8085 has six general purpose registers to store 8-bit data, these are identified as B, C, D, E, H and L. They can be combined as register pairs BC, DE and HL to perform some 16-bit operations.
- Accumulator: The accumulator is an 8-bit register included as a part of Arithmetic Logic Unit (ALU). This register is used to store 8-bit data and to perform arithmetic and logical operations. The result of an operation is stored in the accumulator.
- Flag Register: The ALU includes five flip-flops. They are called Zero (Z), Carry (CY), Sign (S), Parity (P) and Auxiliary Carry (AC) flags. The microprocessor uses these flags to test data conditions. The conditions (set or reset) of the flags are tested through the software instructions.
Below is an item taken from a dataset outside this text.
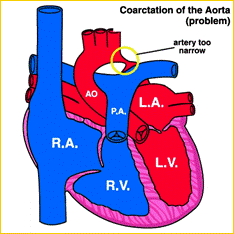 Ha un'incidenza del 6 - 9% delle cardiopatie congenite e consiste in una stenosi dell'aorta a livello dell'istmo ( distalmente all'origine dell'arteria succlavia sinistra ) con conseguente ostacolo al flusso ematico e sviluppo di circoli collaterali ( aorta - succlavia - mammaria -intercostali - aorta ) per bypassare la stenosi.
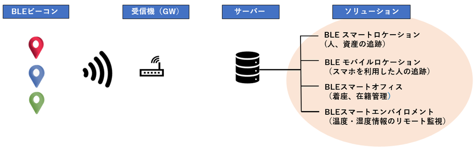 位置判定対象(ひと・もの・車両等)にビーコンを取り付け(携帯し)各ロケーションに設置されたBLE専用レシーバー(ゲートウェイ)がビーコンから発信される情報を受信し位置判定をする。

The combination of the flag register and the accumulator is called Program Status Word (PSW) and PSW is the 16-bit unit for stack operation.
- Program Counter (PC): This 16-bit register deals with sequencing the execution of the instruction. The microprocessor uses this register to sequence the execution of the instructions. The function of the program counter is to point to the memory address from which the next byte is to be fetched.
- Stack Pointer (SP): The stack pointer is also a 16-bit register used as a memory pointer. It points to a memory location in read-write memory, called the stack.
- Instruction Register/Decoder: Temporary store for the current instructions of a program. Latest instruction sent here from memory prior to execution. The decoder then takes instruction and decodes or interprets the instruction. Decoded instruction then passed to next stage.
- Memory Address Register: Holds address, received from PC of next program instruction.
- Control Generator: It generates a signal within μP to carry out the instructions which have been decoded.
- Register Selector: This block controls the use of the register stack.
- General Purpose Registers: μP requires extra registers for versatility. It can be used to store additional data during a program.
7. Operations of Microprocessor
The microprocessor performs the following four operations using address bus, data bus and control bus:
- Memory Read: Reads data (or instruction) from memory.
- Memory Write: Writes data (or instruction) into memory.
- I/O Read: Accepts data from the input device.
- I/O Write: Sends data to an output device.
8. The 8085 Instruction Format
An instruction is a command to the microprocessor to perform a given task on a specified data. Each instruction has two parts, one is a task to be performed, called the operation code (opcode), and the second is the data to be operated on called the operand. The 8085 instruction set is classified according to word size.
- One-Byte Instructions: A 1-byte instruction includes the opcode and operand in the same byte. Operands are internal registers and are coded into the instruction.
- Two-Byte Instructions: In a two-byte instruction, the first byte specifies the operation code and the second byte specifies the operand. The source operand is a data byte immediately following the opcode.
- Three-Byte Instructions: In a three-byte instruction, the first byte specifies the opcode and the following two bytes specify the 16-bit address. Note that, the second byte is the low-order address and the third byte is the high-order address.